On August 14, 1559, a fleet commanded by the Spanish nobleman Tristán de Luna y Arellano sailed into what is today Pensacola Bay. Luna, an experienced explorer, had orders from the Spanish viceroy of New Spain, now Mexico, to establish a permanent colony and to use it as a base of operations to thwart French efforts to settle Santa Elena—currently Parris Island, South Carolina. The plan was to establish a stronghold that could connect, via a land route, the southern Atlantic Coast with Mexico. Luna’s fleet of eleven ships carried about fifteen hundred people—Spanish soldiers and families, African slaves, Aztec warriors and craftsmen, priests—and food enough to sustain them for many months….

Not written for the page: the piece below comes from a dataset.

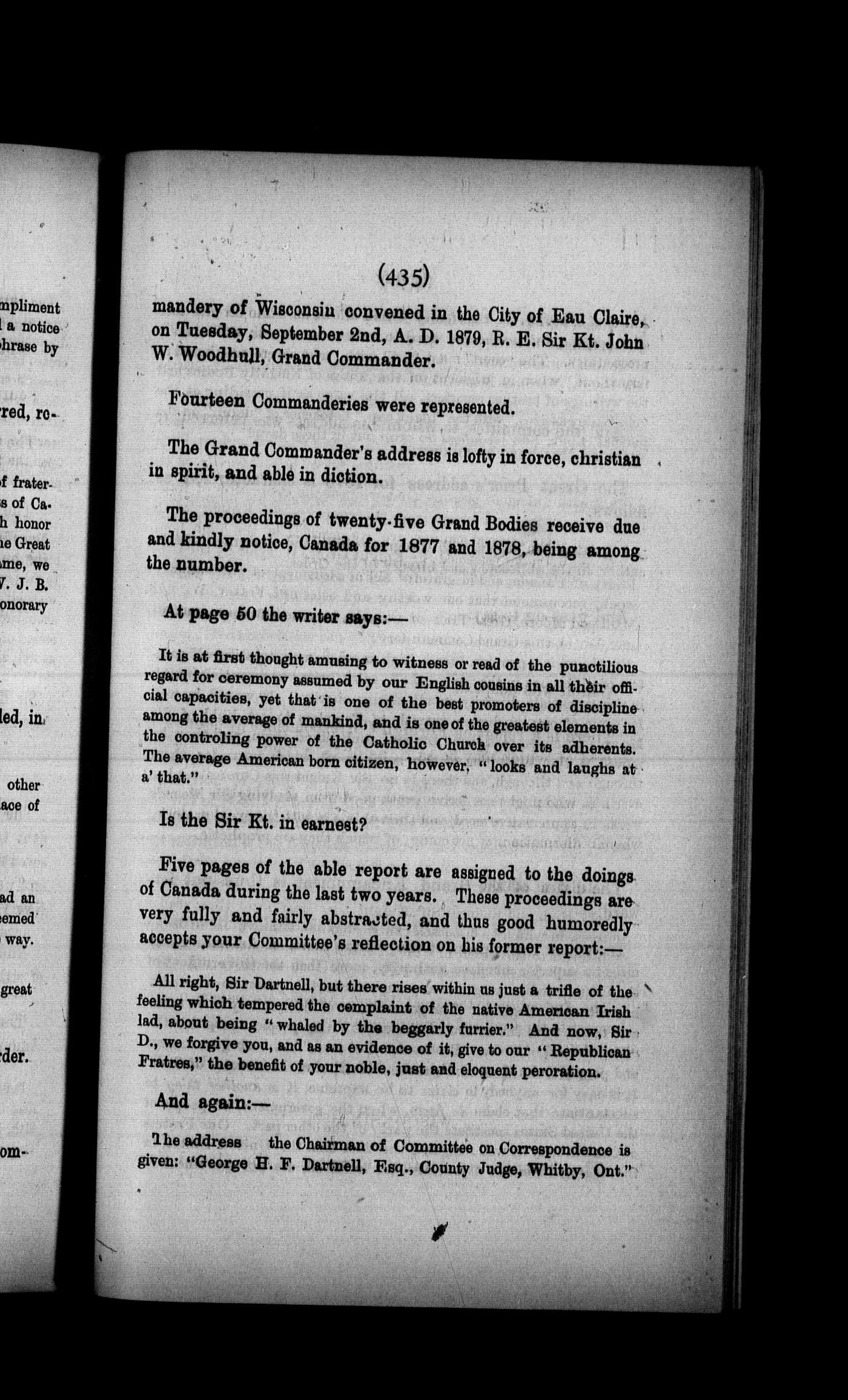 Proceedings of the Great Priory of Canada at the ... annual assembly : Proceedings of the National Great Priory of Canada at the fourth annual assembly : held in the British Masonic Chambers, Notre Dame Street, at the city of Montreal, Quebec, on Friday, 10th of October, A.D. 1879, A.M. 5883, A.O. 761 : Fourth (1879)

Now, with [Tom] Garner’s discovery of Luna’s outpost, archeologists hope they will be able to fill in some elemental but elusive details: how the settlers adapted, what they ate, what their daily life was like, how they interacted with Native Americans and with one another. Having shipwrecks and a related land settlement in close proximity could permit the researchers to see what the settlers brought and how they used some of those items—and made do without those lost to the bottom of the bay. “The Spanish wrote everything down, but, as was often the case then, they were not necessarily looking at the everyday lives of the women and children and craftsmen who came,” Margo Stringfield, an archeologist at the University of Western Florida, said. “It is really going to flesh out the story that the archival records would never be able to.”

The story that comes to life could help shift the current national narrative, in which American Colonial history largely begins with the British. The earlier chapters of the settlement of the United States are “minimized in American history,” John Worth, the lead archeologist at the site, said. Worth has traced Luna’s story, as well as that of the fateful hurricane, through myriad archives. “Hopefully this will enrich the broader understanding of this only lightly covered period of early American history.” Worth’s view is widely shared. Dennis Blanton, an archeologist at James Madison University, said, “I hope we can loosen up the national narrative about the founding of the country, and of the events that represent the prologue of the later history.”